The king of anthropomorphic animal schlock in 2015 was undoubtedly the Jack Russell terrier pro wrestling picture Russell Madness. Nine Lives is a clear winner for 2016 so far (though it could’ve easily been surpassed by The Witch or The Shallows were they nudged a little harder in that direction). There’s something absurdly anachronistic about Nine Lives‘s very existence that makes it a fascinating watch as a modern theatrical release. Beyond its Jack Frost-type plot structure & cheap CG production design, Nine Lives manages to feel out of step with time in small details like its multiple George W. Bush & mean ex-wife jokes and its Gremlins-esque magical pet shop. And all this 90s-00s nostalgia haze serves to do is mask a truly disturbing tonal clash between toddler-friendly physical humor & pitch black subject matter, sometimes fused together, like in gag where the mysterious cat whisperer threatens to have Mr. Fuzzypants fixed.

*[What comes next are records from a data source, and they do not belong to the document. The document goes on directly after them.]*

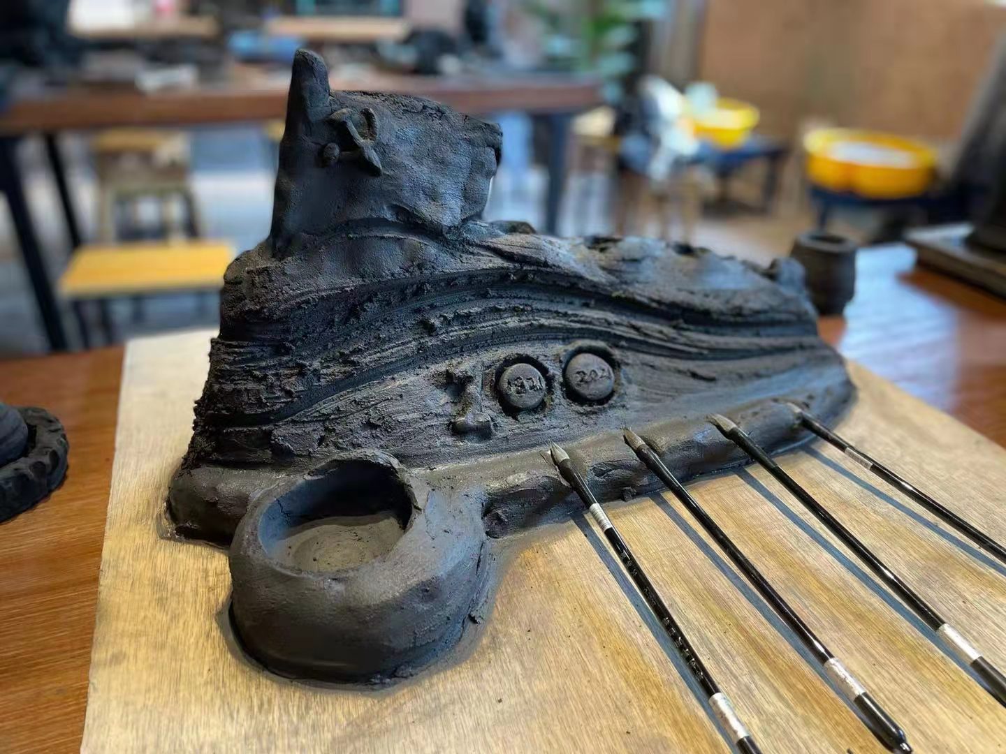 陆小路和陈鑫作为指导老师,指导师范学院学前教育、早期教育等专业的同学参与黑砂创作活动,带领同学们参观了荥经县黑砂企业,了解荥经黑砂制作流程及烧制工艺,并向传统手工艺人学习。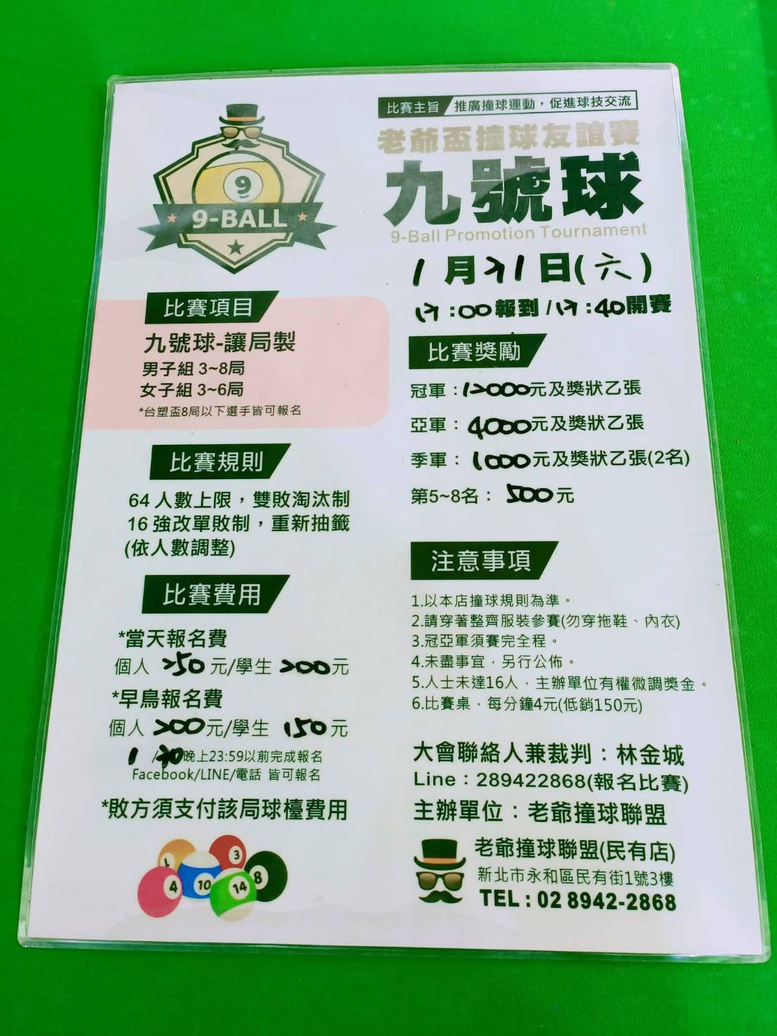 資料來源 : [Line]老爺撞球比賽報名處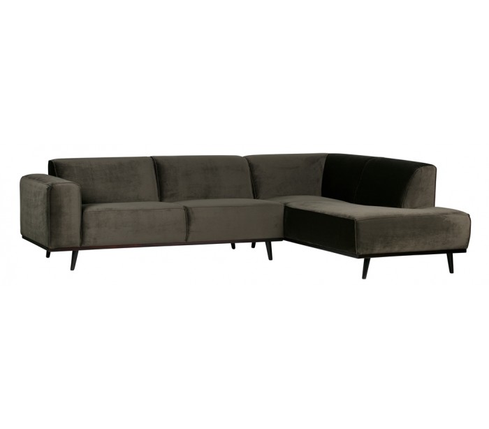 Moderne hjørnesofa i et flot udført design af varmt grønt velour. Sofaen måler 274 x 210 cm i bredde og dybde, og med en siddehøjde på 42 cm. Sofaen er polstret med højkvalitets skum og fjedre.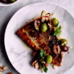 And there you have it! You’ll be on your way to crispy skin fish in no time. I served mine with a simple olive topping, some toasted sliced almonds, lots of lemon, and really good olive oil.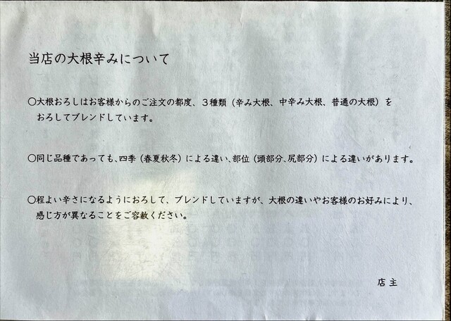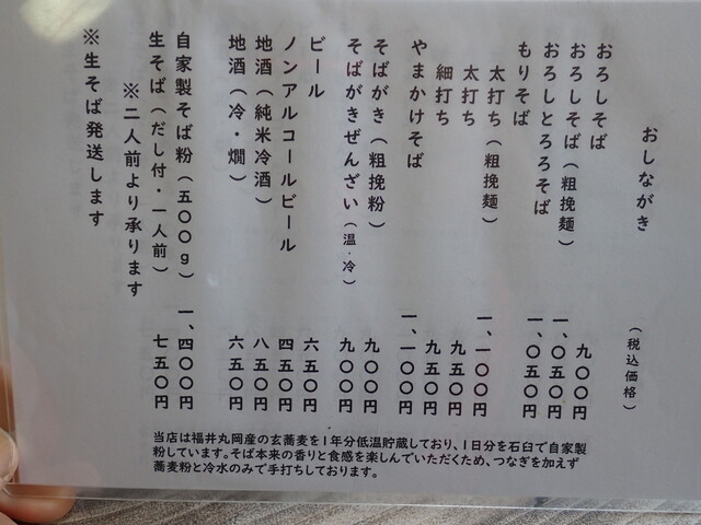 早速おろしそばの粗挽麺を注文しますが、売れてしまって半...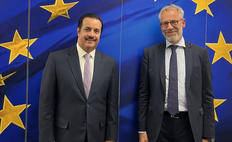 Brussels, Nov. 14 (BNA): Abdullah bin Faisal bin Jabr Al Dosari, Ambassador of Bahrain to Belgium and the European Union, met with Michael Hager, Director of the Council of the European Commissioner for Trade.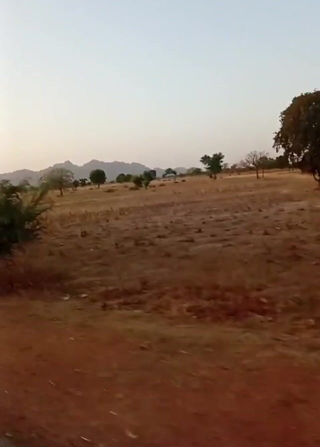 The video depicts a landscape as seen from a moving vehicle. The ground is primarily dry, reddish-brown soil, sparsely covered with dried grasses and scattered trees. In the distance, low mountains are visible against a light-colored sky. The video footage is shaky, suggesting it was taken from a moving vehicle. The overall impression is of a dry, rural area, possibly during the dry season.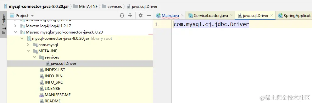 - 首先在使用JDBC时,rt.jar中的接口会被BootStrapClassLoader加载,然后它的实现类由AppClassLoader加载,因为导入的驱动是在classPath路径下的。

I can’t promise you’ll get as hearty of a laugh out of lines like [trying to operate a computer tablet] “Ironically, I could use a mouse right now” & “Is this cat my dad?!” as I did, but I do think Nine Lives is recommendable for its horrific train wreck appeal in its inner conflict of tone vs. subject matter. When I first bought my ticket I was shocked that it was stamped with the incredibly high rating of PG. By the end credits I was shocked that it was marketed for kids at all. But there we all were, laughing in the theater together, children & tipsy adults alike, each clutching our respective juice boxes & hard liquor containers, finding a wealth of small joys in a dumb movie about a talking cat. A lot of people have declared this a dull summer for major releases without any particular film standing out as a one-of-a-kind event, but I can’t imagine a more essential cinematic experience than that.